Task data:
-----

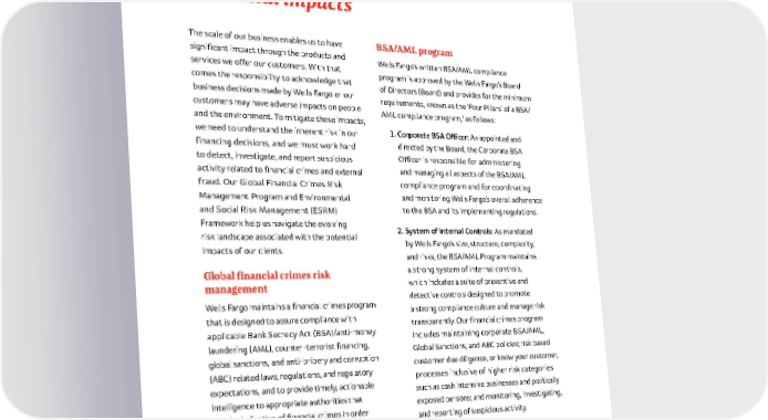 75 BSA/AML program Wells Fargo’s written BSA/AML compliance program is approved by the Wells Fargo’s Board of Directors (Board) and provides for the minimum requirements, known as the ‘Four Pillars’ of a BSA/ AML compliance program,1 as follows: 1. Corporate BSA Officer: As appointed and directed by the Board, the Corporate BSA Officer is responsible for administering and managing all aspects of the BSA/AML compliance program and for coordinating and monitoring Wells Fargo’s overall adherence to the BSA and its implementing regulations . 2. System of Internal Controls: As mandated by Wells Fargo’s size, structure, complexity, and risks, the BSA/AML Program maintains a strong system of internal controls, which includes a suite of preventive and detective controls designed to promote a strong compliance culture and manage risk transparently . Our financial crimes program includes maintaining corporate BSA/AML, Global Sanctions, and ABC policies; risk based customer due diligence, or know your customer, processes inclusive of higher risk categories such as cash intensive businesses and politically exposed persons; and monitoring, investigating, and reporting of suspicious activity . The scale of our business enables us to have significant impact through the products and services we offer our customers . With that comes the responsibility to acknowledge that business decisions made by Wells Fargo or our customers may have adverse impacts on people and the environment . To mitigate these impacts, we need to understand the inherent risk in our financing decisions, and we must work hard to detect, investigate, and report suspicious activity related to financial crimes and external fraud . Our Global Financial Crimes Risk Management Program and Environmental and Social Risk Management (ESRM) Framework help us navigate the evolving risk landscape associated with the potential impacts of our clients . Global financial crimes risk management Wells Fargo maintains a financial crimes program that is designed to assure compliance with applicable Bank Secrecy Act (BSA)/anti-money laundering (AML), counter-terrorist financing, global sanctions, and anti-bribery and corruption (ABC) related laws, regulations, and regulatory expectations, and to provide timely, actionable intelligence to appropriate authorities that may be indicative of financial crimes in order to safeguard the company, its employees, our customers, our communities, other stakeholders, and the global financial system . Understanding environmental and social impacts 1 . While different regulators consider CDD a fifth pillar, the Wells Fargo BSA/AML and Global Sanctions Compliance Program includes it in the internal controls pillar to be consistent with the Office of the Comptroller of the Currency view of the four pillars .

-----

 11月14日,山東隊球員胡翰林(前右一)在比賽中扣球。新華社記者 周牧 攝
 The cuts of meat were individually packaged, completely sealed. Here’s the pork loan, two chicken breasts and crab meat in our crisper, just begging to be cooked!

-----

The answer is the lines above between the line holding "11月14日,山東隊球員胡翰林(前右一)在比賽中扣球。新華社記者 周牧 攝" and the line holding "The cuts of", inclusive, each written out exactly, and no others.

Result of the task:
 11月14日,山東隊球員胡翰林(前右一)在比賽中扣球。新華社記者 周牧 攝
 The cuts of meat were individually packaged, completely sealed. Here’s the pork loan, two chicken breasts and crab meat in our crisper, just begging to be cooked!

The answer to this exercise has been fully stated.